# Stop shoe shelves from sliding?



## redcoatd (Mar 25, 2014)

Hi,

Am making a master closet with a set of floor to ceiling shoe shelves.

I am planning to angle them, and would still like them to be adjustable, so am using shelf pins.

I would like to keep them back from the face frame, though. Has anyone ever done this? Trying to figure out a way to stop them sliding down...

cheers!

David


----------



## MT Stringer (Jul 21, 2009)

redcoatd said:


> Hi,
> 
> Am making a master closet with a set of floor to ceiling shoe shelves.
> 
> ...


Is there room for a thin filler strip that would fit behind the face frame? Thin, yet wide enough to space the shelf where you need it. 

That's about all I can think of at the moment.


----------



## Steve Neul (Sep 2, 2011)

Another option would be to route a notch on the shelf to fit over the pins to hold them.


----------



## redcoatd (Mar 25, 2014)

Thanks, a notch is a great idea - I could even hide in in the back rather than the front pin. 

Planning to use 3/4" plywood and have a few questions:

- are there recommendations for what type to use?
- planning to put 1" trim on the front of each - what kind of wood is recommended for that?

cheers

David


----------



## Steve Neul (Sep 2, 2011)

Cost wise birch plywood would be about as cheap as you can go and you could use pine, alder or maple to edge it out. It's a hardwood so it could either be stained or painted. Probably the next grade up would be oak but I wouldn't paint it.


----------



## redcoatd (Mar 25, 2014)

Ok, forgot to mention that it'll be painted...

There's lots of options though, it seems? Number of ply etc?


----------



## bauerbach (Mar 25, 2012)

depends how much you want to spend....

I go to lowes because Im apparently lucky, they sell USA made plywood and Ive never hit a void. Works well for me and its "affordable".

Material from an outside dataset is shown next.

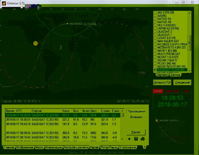 Что это такое? Щелкните по первой строке(уже выделена синим) Получим картинку когда спутник SO-50 войдет в зону видимости моего QTH. Согласно надписи выделенной синим цветом произойдет это 17.06.2018 года в в 18.28.53 UTC. дальше щелкните вкладку ротор-радио. Она следующая. На ней видно, что спутник появится с азимута 301 градус, мода работы спутника и частоты приема-передачи с учетом Допплера. Напомню что в моде FM на допплер при передаче с баофенга можно не обращать внимания. Кроме того справа внизу появилась небесная сфера с траекторией и точкой спутника. Верх север, низ юг, слева запад. справа восток. Она позволяет просто визуально определится на небосводе откуда появится и как пойдет спутник, без всяких цифр-азимутов.
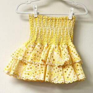 Charo Ruiz Ibiza Noa High Waisted Smocked Tiered Mini Skirt Yellow Women's Large

go with appleply or baltic birch if you want some high end stuff. I think thats overkill for a painted closet though. 

I might consider sprinkling some aromatic cedar into the mix... it repels moths and insects and is fairly traditional for closets.


----------



## MT Stringer (Jul 21, 2009)

If you are going to paint the shelves, I would go with birch. I get mine from HD. My local Lowe's sells maple and oak, and I am not fond of either product as it lays in the bin.

I built all of these cabinets from the birch I mentioned because that is what the owner specified. I should have some finished pics in a few weeks. They are just about through with a whole house remodel from the studs out.

Note: The paint was not my idea. 
Mike


----------



## redcoatd (Mar 25, 2014)

Thanks all...

I saw that HD's PureBond has no formaldehyde - anyone have any issues with that plywood?


----------



## Steve Neul (Sep 2, 2011)

I've had issues with Purebond plywood. I changed to it because I had a lot of bad luck with Chinese plywood delaminating. While Purebond doesn't delaminate you have to watch for voids under the veneer. In the core veneer under the finish veneer sometimes there is knot holes 1 1/2" in diameter which they veneered over it. You can't see them until you put a stain or finish on the plywood and the veneer wrinkles up. I usually tap my fingernails all over the sheet on parts that will show and listen for voids. There isn't a lot of these but I found them the first time on some furniture I was making for someone and the voids were on the tops of end tables. Fortunately these pieces were to be painted so I cut it open and filled the void with bondo.


----------